Top of INFORMATION SUPPLIED

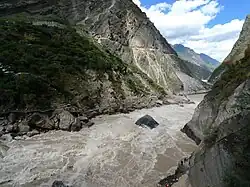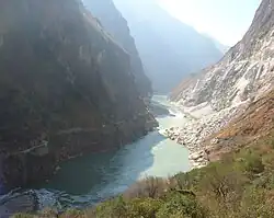 Tiger Leaping Gorge (Chinese: 虎跳峡; pinyin: Hǔ tiào xiá) is a scenic canyon on the Jinsha River, a primary tributary of the upper Yangtze River. It is located 60 kilometres (37 mi) north of Lijiang City, Yunnan in southwestern China. It is part of the Three Parallel Rivers of Yunnan Protected Areas World Heritage Site.
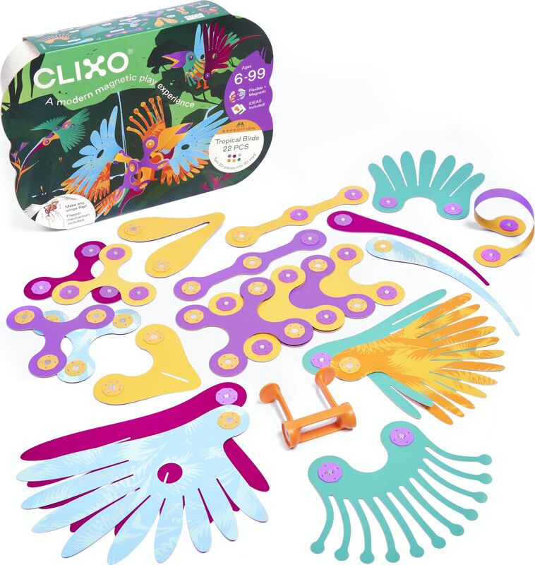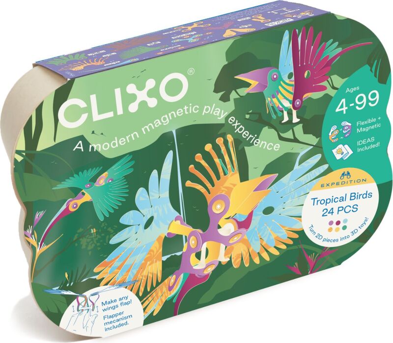 CLIXO Uccelli Tropicali - 22 pezzi è un gioco di costruzione magnetico tematico, flessibile e molto leggero, realizzato in carta sintetica, con colori vivaci combinati con una stampa astratta, progettato per creare uccelli tropicali o altri volatili. È ispirato all'origami, ma si basa sul principio di unione di diverse forme e pezzi tramite l'attrazione dei magneti.
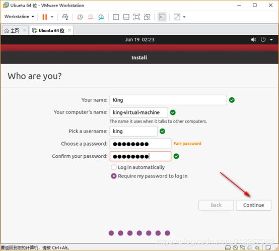 9)在“Who are you”配置界面。主要是讓用戶指定虛擬機系統的用戶名、機器名稱及密碼,此處根據自己喜好進行輸入即可;
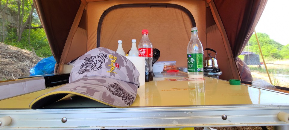 일행들과 도착 좌대를 피고 낚시대를 편성하고

Bottom of INFORMATION SUPPLIED

[TASK TO COMPLETE]:
Leaving the pictures out, output each line of the listing exactly.

[ANSWER SECTION]:
 Tiger Leaping Gorge (Chinese: 虎跳峡; pinyin: Hǔ tiào xiá) is a scenic canyon on the Jinsha River, a primary tributary of the upper Yangtze River. It is located 60 kilometres (37 mi) north of Lijiang City, Yunnan in southwestern China. It is part of the Three Parallel Rivers of Yunnan Protected Areas World Heritage Site.
 CLIXO Uccelli Tropicali - 22 pezzi è un gioco di costruzione magnetico tematico, flessibile e molto leggero, realizzato in carta sintetica, con colori vivaci combinati con una stampa astratta, progettato per creare uccelli tropicali o altri volatili. È ispirato all'origami, ma si basa sul principio di unione di diverse forme e pezzi tramite l'attrazione dei magneti.
 9)在“Who are you”配置界面。主要是讓用戶指定虛擬機系統的用戶名、機器名稱及密碼,此處根據自己喜好進行輸入即可;
 일행들과 도착 좌대를 피고 낚시대를 편성하고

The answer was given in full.